*Task brief*: Look below for the lines from the one with "Výsledný efekt: zachování" to the one with "4) За что наказывали", and copy exactly those lines, both ends included.

*Data records*:
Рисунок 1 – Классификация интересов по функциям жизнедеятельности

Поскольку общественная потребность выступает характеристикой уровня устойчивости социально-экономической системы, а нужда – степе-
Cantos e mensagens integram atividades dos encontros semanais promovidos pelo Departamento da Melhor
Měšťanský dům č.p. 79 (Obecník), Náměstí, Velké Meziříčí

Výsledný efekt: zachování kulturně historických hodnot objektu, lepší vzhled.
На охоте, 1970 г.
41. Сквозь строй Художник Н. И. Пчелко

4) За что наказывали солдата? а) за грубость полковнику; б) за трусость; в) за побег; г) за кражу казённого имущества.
==
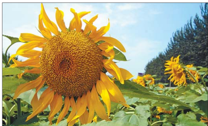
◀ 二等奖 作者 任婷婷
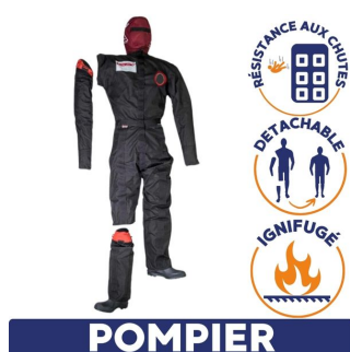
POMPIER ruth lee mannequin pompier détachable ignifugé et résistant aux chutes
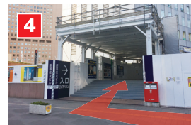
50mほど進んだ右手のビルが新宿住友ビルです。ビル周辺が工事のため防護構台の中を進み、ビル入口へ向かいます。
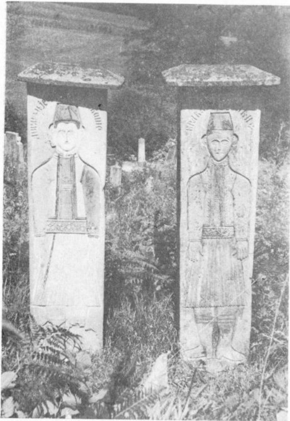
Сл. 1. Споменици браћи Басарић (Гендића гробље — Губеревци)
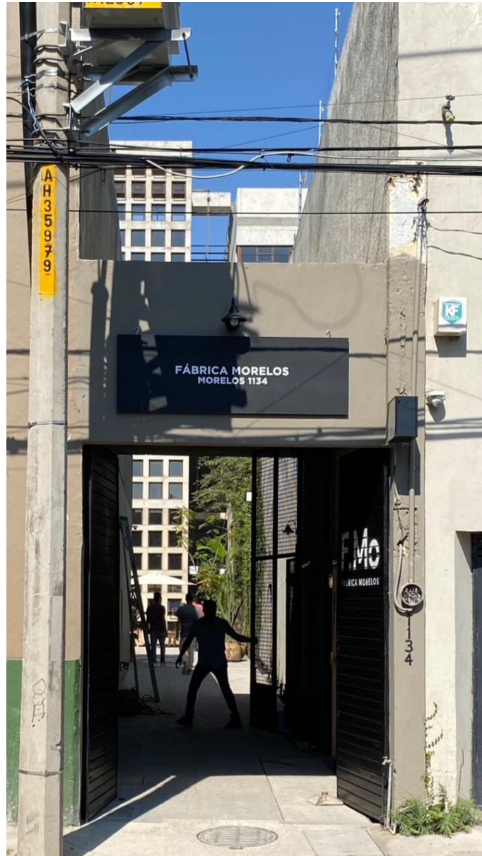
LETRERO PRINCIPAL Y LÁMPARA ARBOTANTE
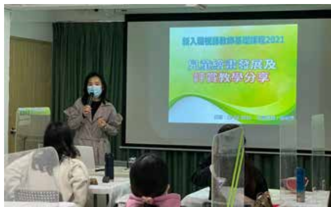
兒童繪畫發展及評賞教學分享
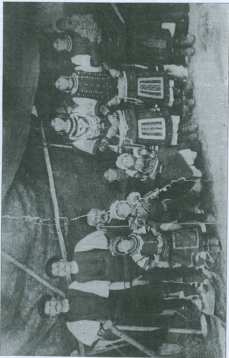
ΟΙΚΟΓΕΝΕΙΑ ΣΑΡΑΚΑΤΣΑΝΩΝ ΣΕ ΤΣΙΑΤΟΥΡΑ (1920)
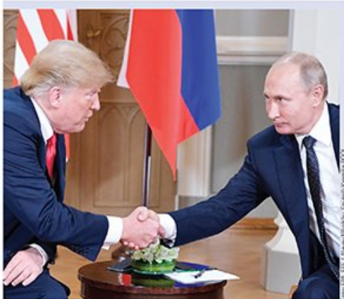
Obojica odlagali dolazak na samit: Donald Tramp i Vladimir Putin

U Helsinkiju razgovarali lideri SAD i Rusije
* * *
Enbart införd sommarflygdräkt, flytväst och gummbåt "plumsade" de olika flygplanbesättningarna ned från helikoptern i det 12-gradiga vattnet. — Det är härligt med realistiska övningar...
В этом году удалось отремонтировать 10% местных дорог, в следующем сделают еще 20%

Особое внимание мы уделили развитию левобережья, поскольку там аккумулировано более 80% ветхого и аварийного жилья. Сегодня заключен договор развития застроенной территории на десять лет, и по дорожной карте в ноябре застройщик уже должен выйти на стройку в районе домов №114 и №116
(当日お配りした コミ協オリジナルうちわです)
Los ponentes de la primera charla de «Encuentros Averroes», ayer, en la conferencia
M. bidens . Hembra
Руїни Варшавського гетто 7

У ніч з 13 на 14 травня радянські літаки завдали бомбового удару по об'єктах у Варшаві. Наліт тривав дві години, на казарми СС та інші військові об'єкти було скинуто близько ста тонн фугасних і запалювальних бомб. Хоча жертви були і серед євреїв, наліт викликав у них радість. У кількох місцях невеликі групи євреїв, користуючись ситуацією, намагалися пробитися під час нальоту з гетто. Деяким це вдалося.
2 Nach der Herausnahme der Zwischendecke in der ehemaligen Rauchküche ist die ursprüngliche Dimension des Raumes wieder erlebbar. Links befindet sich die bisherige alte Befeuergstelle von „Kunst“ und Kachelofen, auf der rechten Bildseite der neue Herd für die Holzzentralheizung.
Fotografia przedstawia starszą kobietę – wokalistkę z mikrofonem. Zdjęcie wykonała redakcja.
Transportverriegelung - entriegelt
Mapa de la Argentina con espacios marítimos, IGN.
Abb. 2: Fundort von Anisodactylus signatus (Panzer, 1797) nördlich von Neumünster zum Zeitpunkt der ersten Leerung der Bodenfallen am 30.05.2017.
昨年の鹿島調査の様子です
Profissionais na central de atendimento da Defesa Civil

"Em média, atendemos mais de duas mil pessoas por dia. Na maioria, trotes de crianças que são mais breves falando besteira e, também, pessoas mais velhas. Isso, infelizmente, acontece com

*Response*:
Výsledný efekt: zachování kulturně historických hodnot objektu, lepší vzhled.
На охоте, 1970 г.
41. Сквозь строй Художник Н. И. Пчелко

4) За что наказывали солдата? а) за грубость полковнику; б) за трусость; в) за побег; г) за кражу казённого имущества.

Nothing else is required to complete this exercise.